Cytoplasmic MTDH associates with mRNAs. Homo sapiens

To examine whether MTDH is a novel RNA binding protein and regulates either metabolism or translation of various mRNAs, we performed a RNA-binding protein immunoprecipitation (RIP) with MTDH and IgG antibodies, and the resulting immunoprecipitated RNA was subjected to a microarray to identify transcripts associating with MTDH. In addition we tested the effect of PI3K inhibition using BEZ235 (a dual PI3K/mTOR inhibitor) on the association of MTDH with target mRNAs. Overall design: The microarray was performed on three biological triplicates as well as three experimental triplicates of immunoprecipitated MTDH and IgG in Hec50co endometrial cancer cells. Magna RIP (RNA-binding protein immunoprecipitation, Millipore) Kit and microarray were used to immunoprecipitate MTDH associated RNAs and to identify mRNAs that associate with MTDH in the absence or presence of 100nM BEZ235 (LC Labs). Fold changes represent immunoprecipitated MTDH RNA compared to IgG immunoprecipitated RNA. Representative mRNAs associated with MTDH and the effect of BEZ235 on the association of MTDH with mRNAs are shown.

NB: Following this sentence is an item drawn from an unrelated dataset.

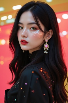 mother of pearl,Body shot,glossy,tight,Ethereal Reflections: a beautiful Girls,god light,neon,celluloid,oil skin,lustrous skin,dreamy glow,mirrored surfaces and pastel shades,1girl,solo,jewelry,black hair,long hair,green eyes,earrings,freckles,red lips,black dress,realistic,(best quality),(8k, best quality, masterpiece),ultra-detailed,(high detailed skin),glossy skin,contrapposto,female focus,model,(hot:0.7),sexy,fine fabric emphasis,wall paper,crowds,fashion,Lipstick,depth of field,street,in public,(Magazine cover-style illustration of a fashionable woman),posing in front of a colorful and dynamic background. (The text on the cover should be bold and attention-grabbing, with the title of the magazine and a catchy headline),

为探究MTDH是否为新型RNA结合蛋白，及其是否调控多种mRNA的代谢或翻译过程，我们使用MTDH抗体与免疫球蛋白G（IgG）抗体开展了RNA结合蛋白免疫沉淀（RNA-binding protein immunoprecipitation, RIP）实验，并将免疫沉淀获得的RNA进行芯片检测，以鉴定与MTDH结合的转录本。此外，我们采用BEZ235——一种双靶点磷脂酰肌醇3-激酶/哺乳动物雷帕霉素靶蛋白（PI3K/mTOR）抑制剂——处理细胞，探究PI3K/mTOR通路抑制对MTDH与靶mRNA结合的影响。 实验整体设计：本芯片实验以Hec50co子宫内膜癌细胞为模型，针对MTDH免疫沉淀组与IgG免疫沉淀组，分别设置3次生物学重复与3次实验重复。我们使用密理博（Millipore）公司的Magna RIP（RNA结合蛋白免疫沉淀）试剂盒与芯片技术，分别在100nM BEZ235（LC Labs）存在或缺失的条件下，免疫沉淀与MTDH结合的RNA，并鉴定与之结合的mRNA。富集倍数指MTDH免疫沉淀组RNA与IgG免疫沉淀组RNA的信号比值。本研究展示了与MTDH结合的代表性mRNA，以及BEZ235对MTDH与mRNA结合的调控作用。